Archive for May, 2015

Story and photos by Jeannie Dortch.

It is said that behind every successful man is a great woman, but behind Phil Mitchell, FBC’s Associate Pastor, Ministry of Music, sit two women volunteers who help his ministry run like a well-oiled antique pocket watch. At ages 84 and 85 respectively, Charlotte Brown and Jean Crowder mimic computer programmers but use pencils and legal pads rather than keyboards to input their data.

Unsung but in tune.They meet every Monday morning secreted away in the church’s music library behind the choir room where they are surrounded by more than 1,000 numbered file boxes filled with multiple copies of sheet music, some of which has been used since 1955.

Alton Howell, part-time music director in the 1950s, instituted the idea of keeping copies and a record of the names and dates of every piece of music sung or played at FBC. Ray Herbek, who served as FBC’s first full-time music minister, 1962-1989, refined the process and Charlotte, along with other choir members, started helping Ray in 1988. Since 1992, Jean has been Charlotte’s permanent helper.

Susan Marshall, FBC’s music secretary, orders the music, after which Charlotte and Jean process the acquisitions by sorting and stamping it for one of the church’s six choirs or for orchestral and instrumental pieces. According to Susan, “After they have catalogued the hard copies, they complete a data form with the title, publisher, composer/arranger, library number, voicing, scriptural or thematic emphasis, number of copies, and purchase and processing date. They bring that data form to me and I enter all that information into the computer.”

Unsung but in tune.Both the digital and hand-copied versions are used by the music staff. The computer program is on a shared network and allows staff to sort music by content fields. Searching by composer, by relationship to the lectionary passages of the week, or by music that highlights a certain time of year are examples of how the computer may be used to quickly locate a desired piece.

“Charlotte and Jean’s method is disciplined, methodical, clear and intuitive, and I use it often,” commented Phil. “Each anthem is listed numerically as well as alphabetically. When retrieving an anthem from a file, I can refer to a notation in each box indicating which, if any, anthems are missing. This enables me to track it to the choir member who last used it.”

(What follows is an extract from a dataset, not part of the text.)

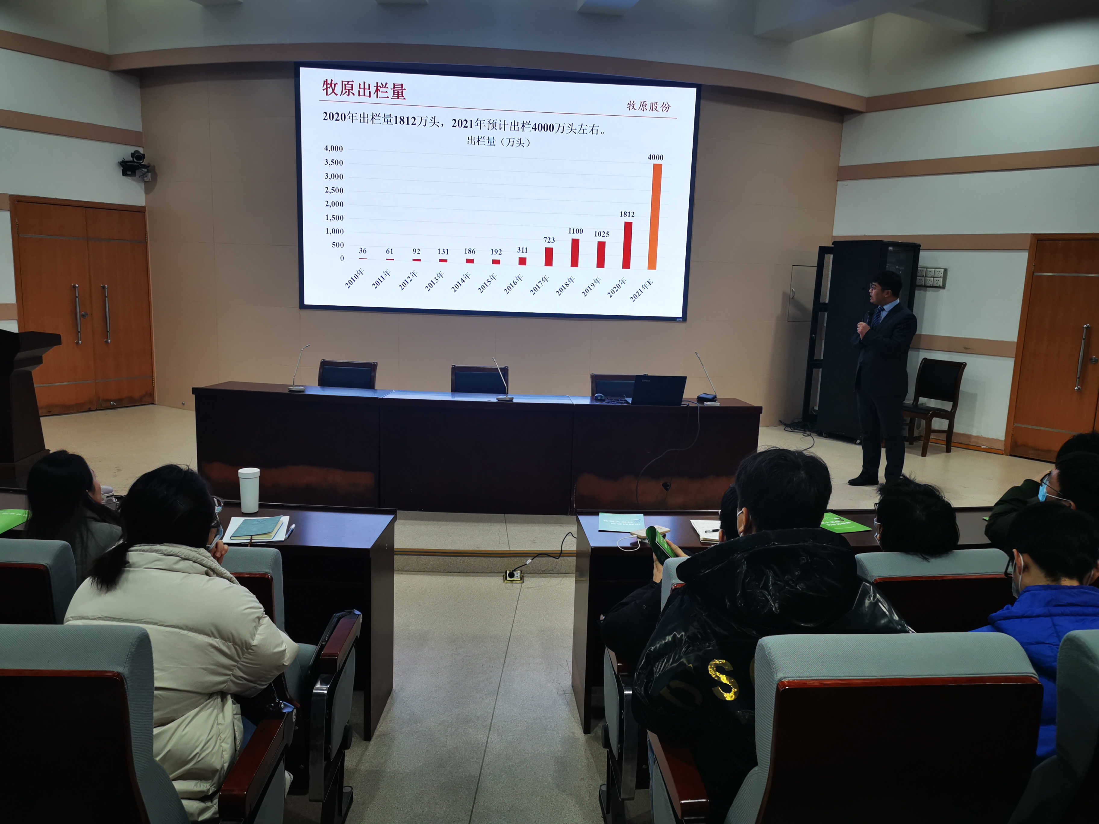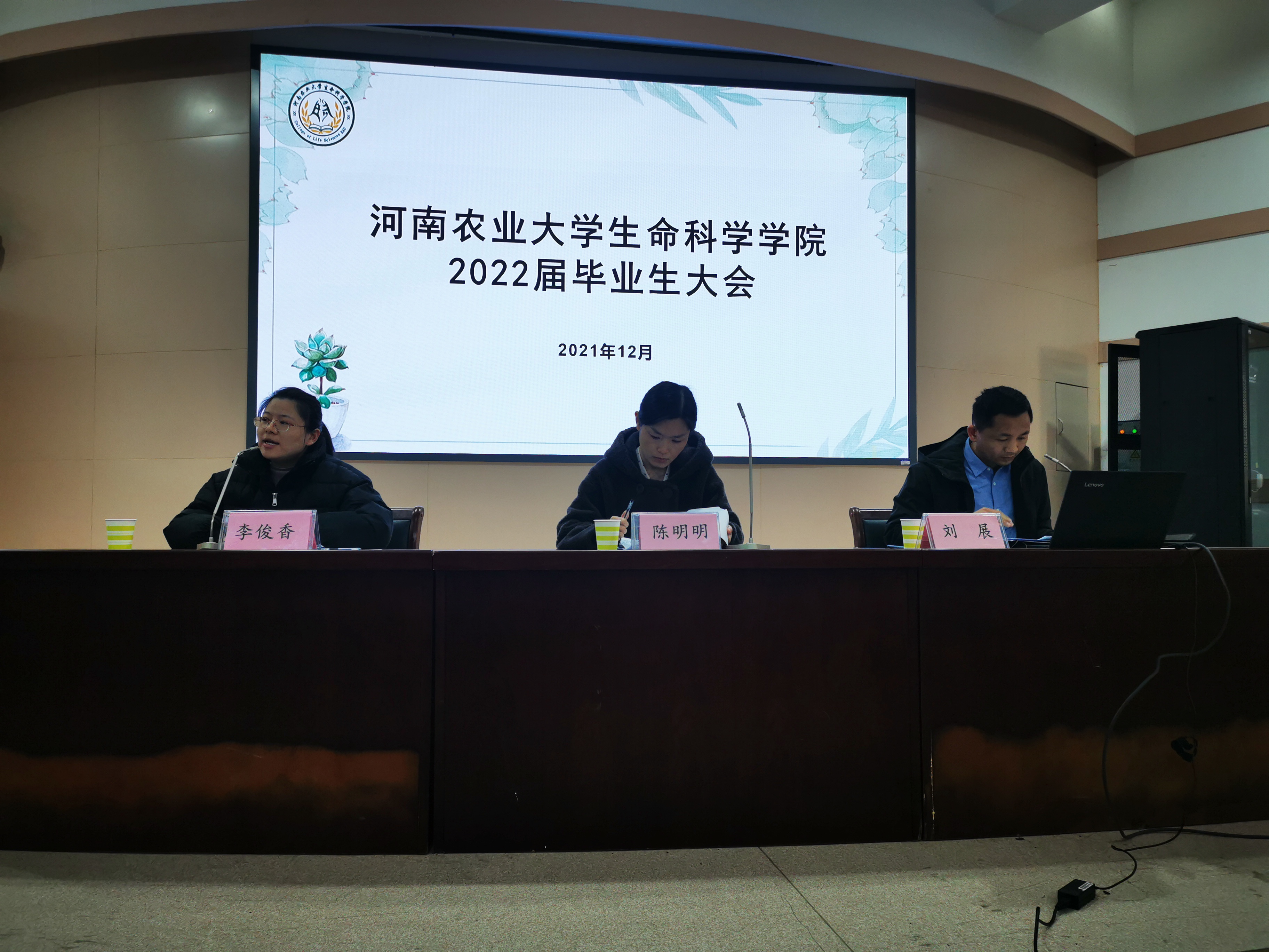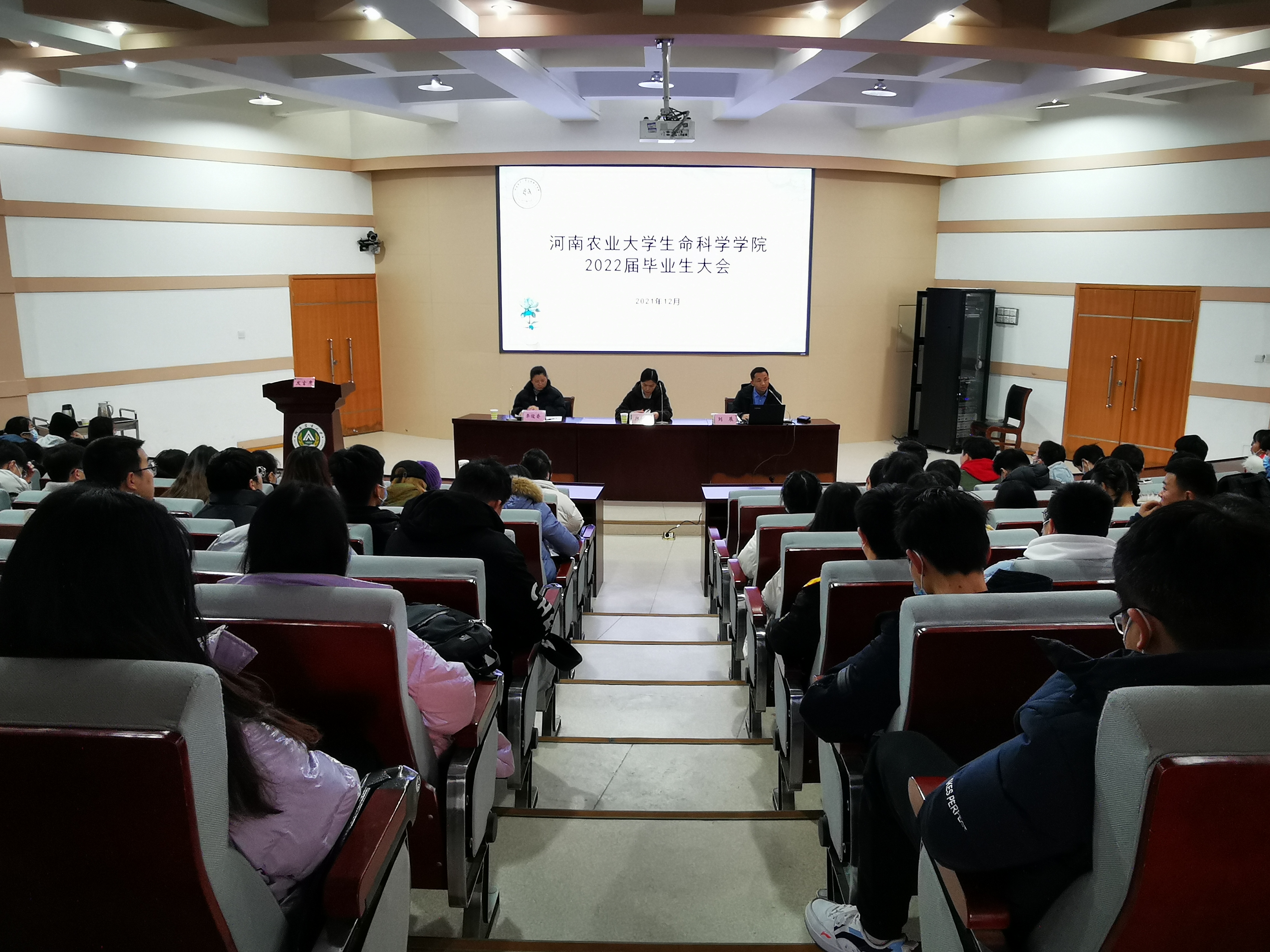 会议开始,李俊香对与毕业生相关的毕业实习、设计与答辩、补授学位等问题作了详细解释,提醒毕业生对照学校学位授予相关要求查漏补缺,在毕业前完成各项学习指标任务。然后,陈明明对刚过去的研究生笔试作了总结,分析了当前的就业形势,鼓励同学们考研就业两手抓,积极调整心态、转变观念,提醒大家“方向比努力更重要”,而且要放下面子,实干笃行。她还着重强调了安全问题,再次提醒毕业生要重视并保护好人身、财产安全,生命至上,严格落实学校、社区疫情防控要求,为打赢疫情攻坚战做好自己的分内之事。刘展讲解了国家在毕业生就业创业方面的有关政策,以及毕业手续办理、三方协议签订等一系列毕业相关问题,希望大家做好学社衔接,为升学和就业、步入社会做好各方面准备。毕业生大会结束后,牧原食品股份有限公司来到现场做了招聘宣讲,同学们反响积极。

Because computer hard drives can crash, Charlotte is adamant about the importance of having a written record of the church’s musical purchases. Phil admitted that having the library record greatly reduces the risk of loss and is a comfort. But with the digitized version of the music resources, he is able to check something he needs to know from his office or from his laptop after hours or when he is out of town.

There are always some things a computer cannot do. At the heart of the system organized and run by Charlotte and Jean is the personal touch. A computer cannot punch holes in the music, nor can it insert anthems alphabetically into choir members’ folders. Retrieving music each week and after special performances for refiling is also not a computer skill. The work these women do is invaluable, and without them, chaos would ensue, but they enjoy it tremendously.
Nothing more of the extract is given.